これも現代版、というか80'sかな?ハムレットのリアプコはアイビーファッション(シャツ、襟がV字型のセーター、上着、ズボン)で、シャツの裾が片方ズボンの外に大きくはみ出しているのが、気が狂っている様を表しているらしい。オフィーリア役のアッツォーニはグレーに近い水色のワンピースを着て、花をつんで冠を編んでいる。

またもやジョン・ノイマイヤーの振付だが、さっきの「マーラー交響曲第3番」とは雰囲気ががらりと違った。舞台の右奥にはトランクが山積みになっており、自身もたくさんの荷物を抱えて走ってきたハムレットはずっこけて、床に散らばった荷物をあわてて拾い集める。オフィーリアもハムレットもなんだかすごく子どもっぽい。

オフィーリアはハムレットに気づく。オフィーリアとハムレットは、幼くてはにかんだ笑いを浮かべ、楽しそうにたわむれて踊る。オフィーリアは編んだ花冠をハムレットの頭にかぶせ、ハムレットも喜んで花冠を受け、さらにぐっと頭に押し込めるようにかぶる。これらの一連の仕草にも子どもっぽい雰囲気が始終漂っていた。

だが、オフィーリアはふと悲しげな、寂しげな表情になってハムレットに背を向けてしまう。ハムレットはオフィーリアを不器用になだめすかしながらも、ついに荷物を抱えて去っていってしまう。

オフィーリアとハムレットはまるで幼い子どものようだったが、これは気が狂っていることの裏返しでもあるのだろうか。振付はマイムの延長のような感じだった。これは全幕を観ないとよく分からない作品だと思う。大体、ハムレットがオフィーリアに別れを告げる場面とはどこを指すのか分からない。ノイマイヤーは単にシェイクスピアの戯曲のみに頼ったのではなく、「ハムレット」の元となったデンマークのアムレトゥス伝説を調べたというから、全編を観ればハムレットとオフィーリアのキャラクターが分かるのだろう。

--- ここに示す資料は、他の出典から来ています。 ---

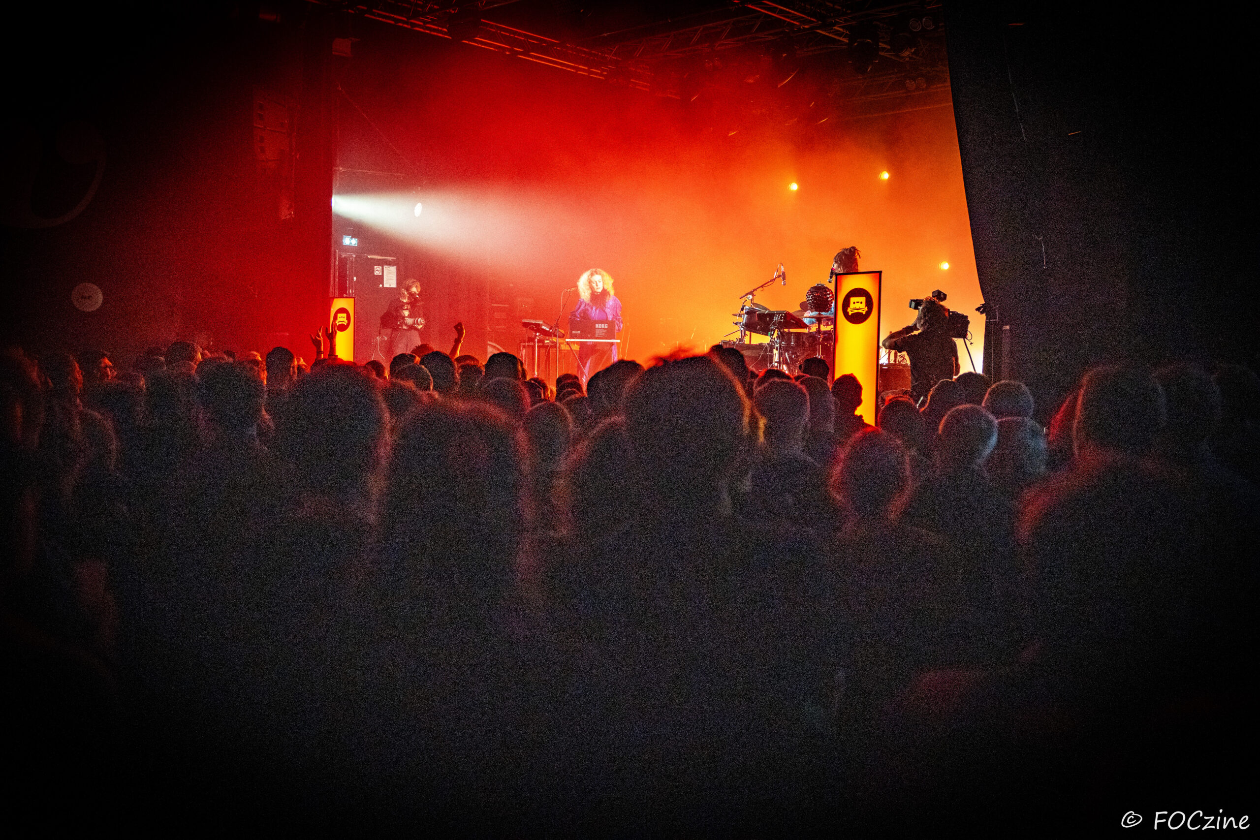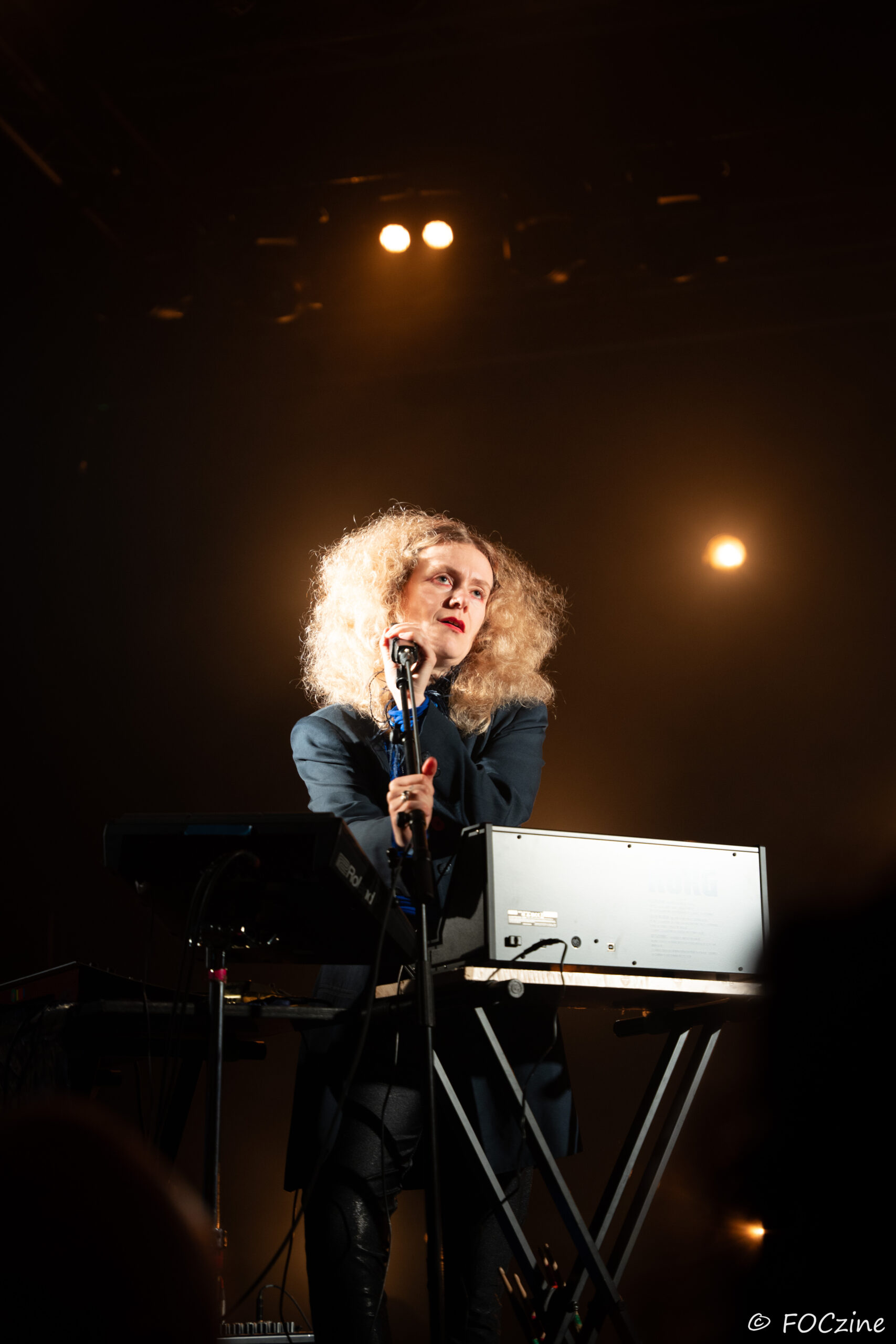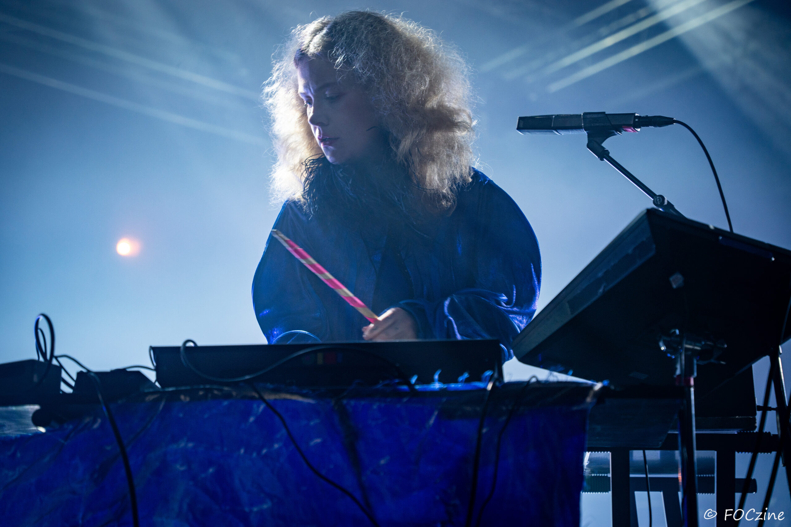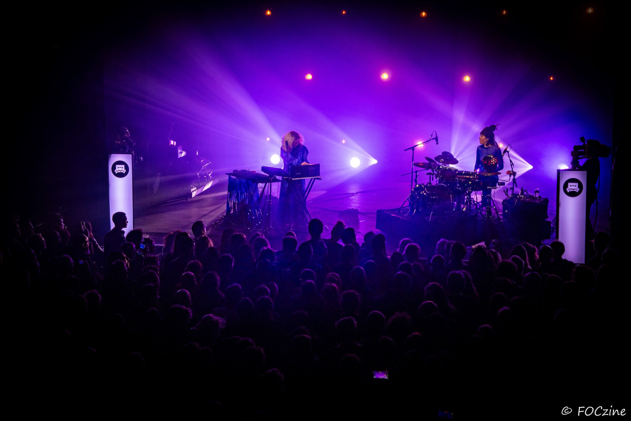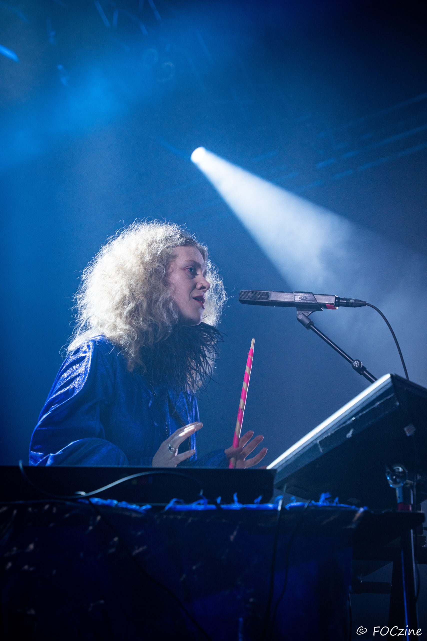 Rosa Ronsdorf et Nina Jong forment le duo néerlandais Spill Gold. Rosa chante et joue des synthétiseurs, tandis que Nina crée des rythmes percussifs hypnotiques. Explorant un univers musical mêlant krautrock, psychédélisme, synth pop expérimentale et musique électronique, elles composent des morceaux immersifs mêlant sons et rythmiques singuliers particulièrement mélodiques et dansants. Une fois qu’on a dit cela, on ne peut que vous encourager à écouter l’album Zaza (2024) où les deux musiciennes affirment une identité artistique unique. Manquerait plus qu’elles soient généreuses ! Féériques, vous voulez dire ! Rosa dans sa robe bleue, boa au cou, n’a rien d’une Cruella. Ses cheveux sont ébouriffés, car comme nous, ils sont électrisés et ne restent pas statiques. Le décorum bleu est envoûtant et lie les deux artistes, Nina arborant une salopette de la même couleur, en tissus de lumières. On se croit dans un conte pour enfants, nos yeux sont grands ouverts et nos oreilles toutes ouïes. C’est beau, ca dure, on est bien. Les Spill Gold renversent de l’or, elles sont nos muses du samedi qu’on voudrait encore entendre le dimanche, nos sirènes du port d’Amsterdam. J’ai un secret à vous dire, Rosa et Nina adorent la Bretagne : « c’est l’un de nos endroits préférés sur cette planète, on a rencontré des créatures magiques le long de la côte et on a aussi dégusté de véritables crêpes bretonnes ».

「フー・ケアーズ?」、振付はジョージ・バランシン、音楽はジョージ・ガーシュウィン。この作品は1970年にニューヨーク・シティ・バレエによって初演された。ダンサーはパロマ・ヘレーラとホセ・カレーニョ。ヘレーラは胸元の大きく開いた赤い短いスカートのドレス、カレーニョは黒いシャツに黒いズボンという衣装。

ヘレーラが最初に出てきて踊る。やはり少し頼りなげな感じがした。ところが、カレーニョが出てきて一緒に踊り始めると、ヘレーラの動きはすばらしいものとなった。ヘレーラとカレーニョの踊りもよく合っていて、ガーシュウィンのあのよく耳にする、気だるいもの悲しいメロディの曲が、ゆっくりとした踊りによく合っていた。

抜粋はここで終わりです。